I was going to write about mining this week, in response to recent events in Utah, but this morning I came across Verlyn Klinkenborg’s short essay in the New York Times (“The 17 Percent Problem and the Perils of Domestication”) about a recent article in Science concerning the disappearance of wilderness. The original article (“Domesticated Nature” in the June 29 issue; it’s available in .pdf format here if you don’t have a subscription to Science) was co-authored by the Nature Conservancy’s Peter Kareiva—who’s interviewed on the topic at the organization’s own website.
The notion that human beings have so intensively penetrated the fabric of nature that little exists untouched by our influence isn't new; Wilhelm Dilthey coined the term "mind affected world" in the nineteenth century to describe this situation as he saw it then, and I remember college anthropology classes in which Dilthey's philosophy formed a core component. After class we would debate the future of human impact on the environment, often over pitchers of beer, with fellow students in physics and geology.
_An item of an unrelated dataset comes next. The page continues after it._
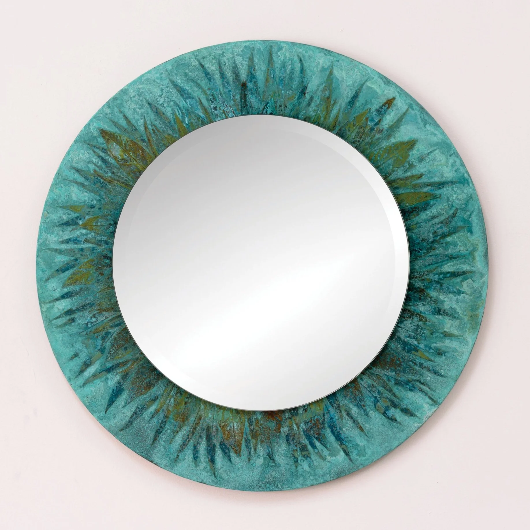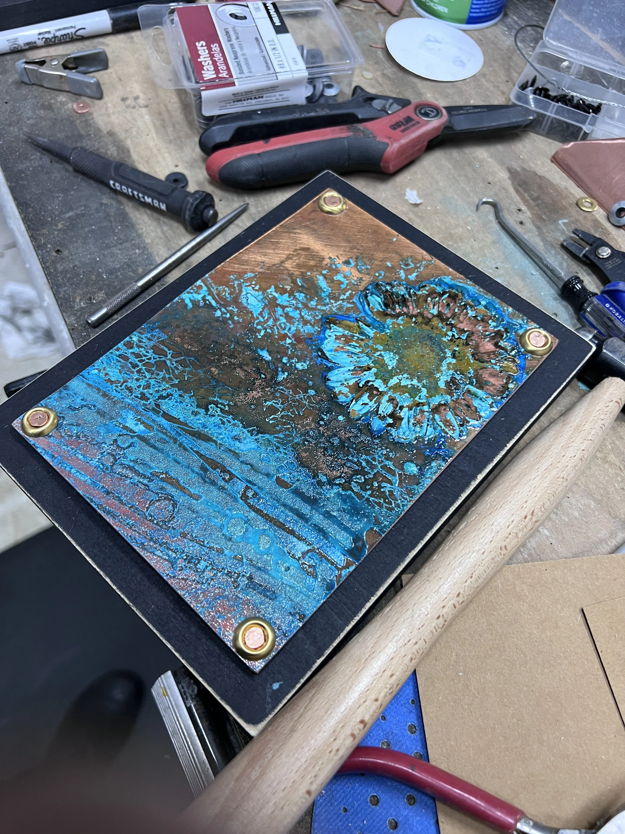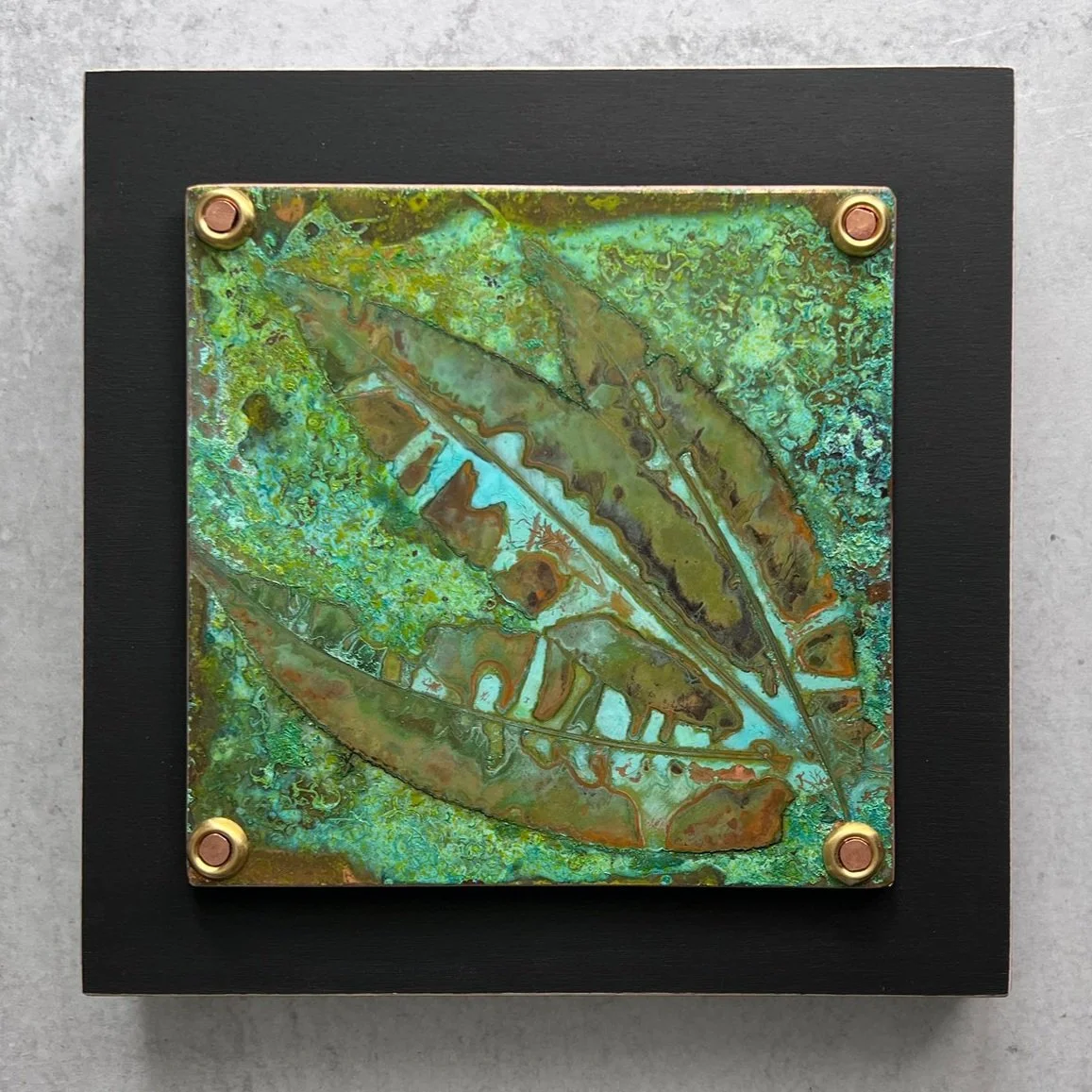 Coppersmith Cathy G. Vaughn, with a background in printmaking, graphic design, gardening, and tinkering, has developed unique chemical techniques to render images on copper. Drawing from her love of nature, experimentation, and a generations-long heritage of fine craftsmanship, she creates copper abstractions, collages, and dimensional installations using oxidation patterns created using leaves and found objects.

Those were heady days, when we thought that there might be a possibility of mitigating that impact in some way, by limiting population, reining in technology (all this was, after all, taking place in the seventies, amidst the "energy crisis" and lines at the gas pump), or otherwise learning how to interact with nature rather than simply to dominate it. But I am now much more skeptical, as is Klinkenborg, because the human track record is so abysmally bad in this regard. Our very intelligence might, in fact, be our most substantial stumbling block--as Kurt Vonnegut posited in his novel, Galápagos. Our big brains are what get us into trouble.
Our big brains and our small imaginations. Human beings are metaphor makers (homo translator, I call us). We see the world in terms of other things--what we know, the familiar. We can't learn anything except through experience (ours or someone else's), and that experience provides us with metaphors (examples, analogies, patterns, models) that help us decide how to proceed. We're not quite as circumscribed as the Tamarians in the old Star Trek: The Next Generation episode, "Darmok" (used with great glee by those of us who teach about metaphor), because we don't have to have stories on which to base all of our thought processes, but we do require a certain richness of experience in order to be able to think creatively. As Klinkenborg points out in his essay, the very metaphor at the heart of domestication (making the earth our home--domus, in Latin), may itself be the problem. If we see our role on this planet as one of home-making (for us), we compromise the experiences of all the other occupants of the planet--animal, vegetable, mineral--and thus diminish our own. What makes our home comfy comes at the expense of other beings and their homes. Even some of the most evocative words we use to write about nature (ecology, ecosystem) and about how we earn our livings (economics) are grounded in the Greek word for home: oikos.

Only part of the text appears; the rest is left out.